The position for length sorting can be selected after connector connection or PCR amplification for sorting. The specific sorting steps can refer to the operation content.
Other precautions
Due to the enzymatic reaction involved in the fragmentation process using this product, the fragmentation process is sensitive to factors such as reaction temperature, reaction time, system preparation, and DNA sample loading.
To avoid the impact of repeated freeze-thaw of reagents on library production, it is recommended to pack and store them for the first time in use.
PCR products are prone to contamination due to improper operation, resulting in inaccurate experimental results. It is recommended to isolate the PCR reaction system preparation area from the PCR product purification area, and use a dedicated pipette to regularly clean each experimental area.

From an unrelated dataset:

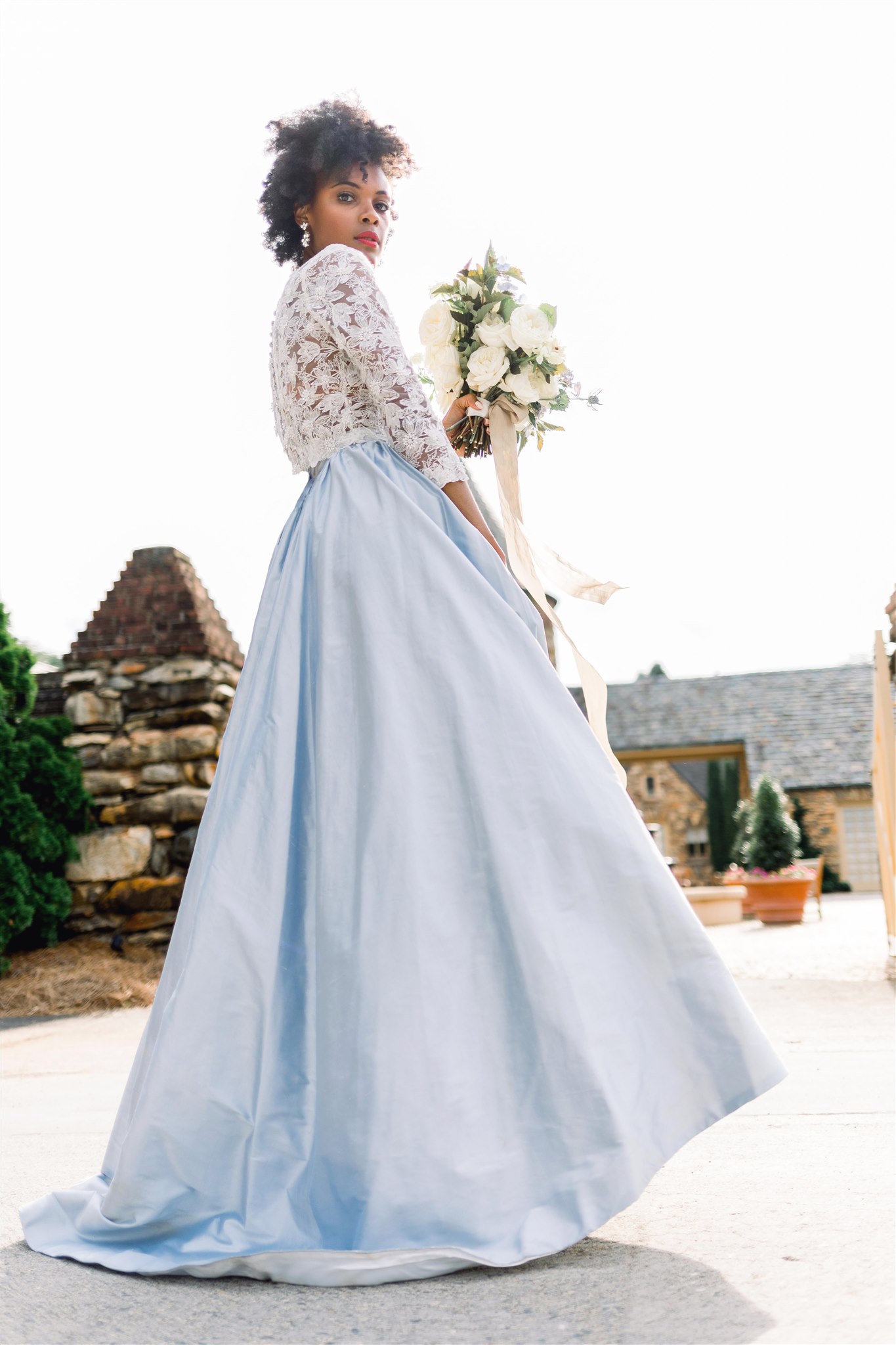 Simple Two Pieces Blue Boho Lace Wedding Dress Bridal Dresses

Take out the corresponding reagent from the kit, centrifuge briefly, and place the enzyme mixture on ice for use; The buffer solution needs to be dissolved at room temperature before use, shaken and centrifuged, placed on ice for use, and deionized water placed at room temperature for use; Please prepare the mixture on ice. After the buffer solution in the reagent kit freezes and dissolves, precipitation may occur. Precipitation does not affect the function of the reagent. Please shake and mix thoroughly until the precipitation disappears before use.

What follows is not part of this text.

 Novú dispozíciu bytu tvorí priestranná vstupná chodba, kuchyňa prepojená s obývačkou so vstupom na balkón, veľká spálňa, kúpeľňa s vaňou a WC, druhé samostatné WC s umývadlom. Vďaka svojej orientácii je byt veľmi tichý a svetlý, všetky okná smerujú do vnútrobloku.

Schematic diagram of DNA database construction process
DNA library construction process
Please read this operating instruction carefully before the experiment and choose the operating plan based on the type of sequencing platform used. Before the experiment starts, clarify the nucleic acid concentration, and the input amount of this reagent kit is 0.1ng-1μg. The recommended sample size is 1ng-500ng DNA. DNA solution does not contain chelating agents, if DNA dissolves in 1×TE or EDTA containing solutions, it is recommended to use magnetic beads for purification or add Neutralization Reagent.